-- DATA FOR THIS TASK --
#####

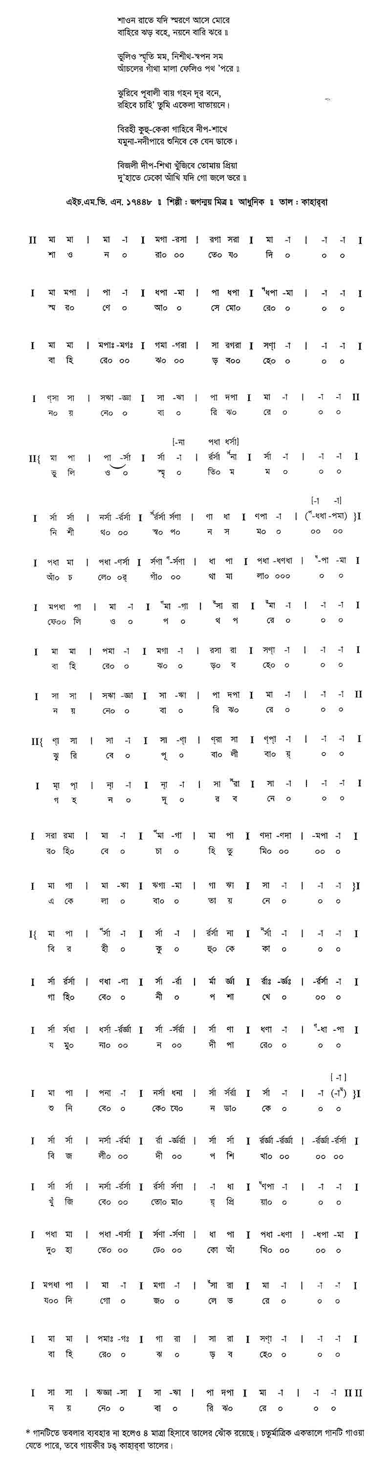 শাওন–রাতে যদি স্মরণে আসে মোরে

#####

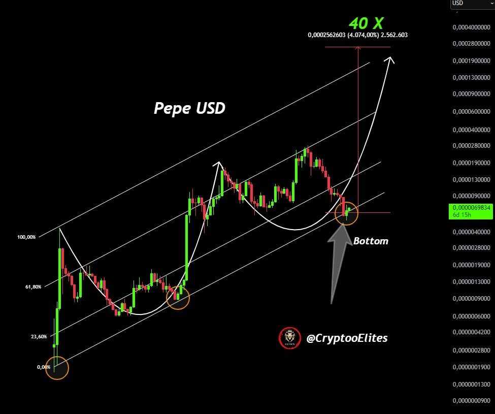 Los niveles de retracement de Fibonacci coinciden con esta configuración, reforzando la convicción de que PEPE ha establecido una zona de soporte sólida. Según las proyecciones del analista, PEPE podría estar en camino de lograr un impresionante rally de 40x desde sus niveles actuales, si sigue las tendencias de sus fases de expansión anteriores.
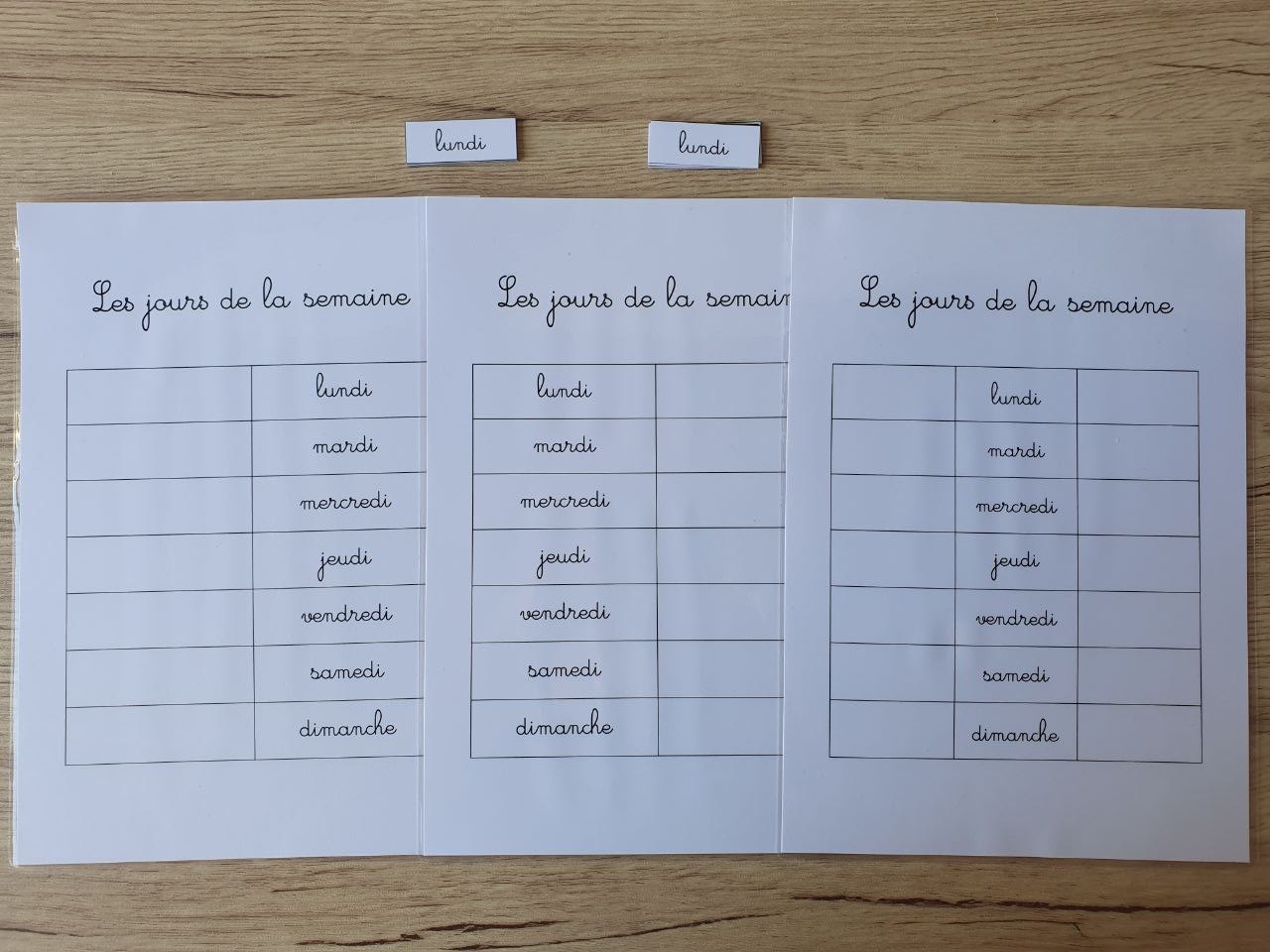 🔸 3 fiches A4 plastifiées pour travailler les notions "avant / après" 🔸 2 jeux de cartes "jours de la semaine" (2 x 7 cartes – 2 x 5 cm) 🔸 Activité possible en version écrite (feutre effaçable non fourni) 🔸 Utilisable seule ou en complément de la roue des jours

#####

-- DIRECTIONS --
Copy everything above from the line holding "Los niveles de" down to the line holding "roue des jours", both ends included, exactly as it stands and without the pictures.

-- ANSWER SPACE --
 Los niveles de retracement de Fibonacci coinciden con esta configuración, reforzando la convicción de que PEPE ha establecido una zona de soporte sólida. Según las proyecciones del analista, PEPE podría estar en camino de lograr un impresionante rally de 40x desde sus niveles actuales, si sigue las tendencias de sus fases de expansión anteriores.
 🔸 3 fiches A4 plastifiées pour travailler les notions "avant / après" 🔸 2 jeux de cartes "jours de la semaine" (2 x 7 cartes – 2 x 5 cm) 🔸 Activité possible en version écrite (feutre effaçable non fourni) 🔸 Utilisable seule ou en complément de la roue des jours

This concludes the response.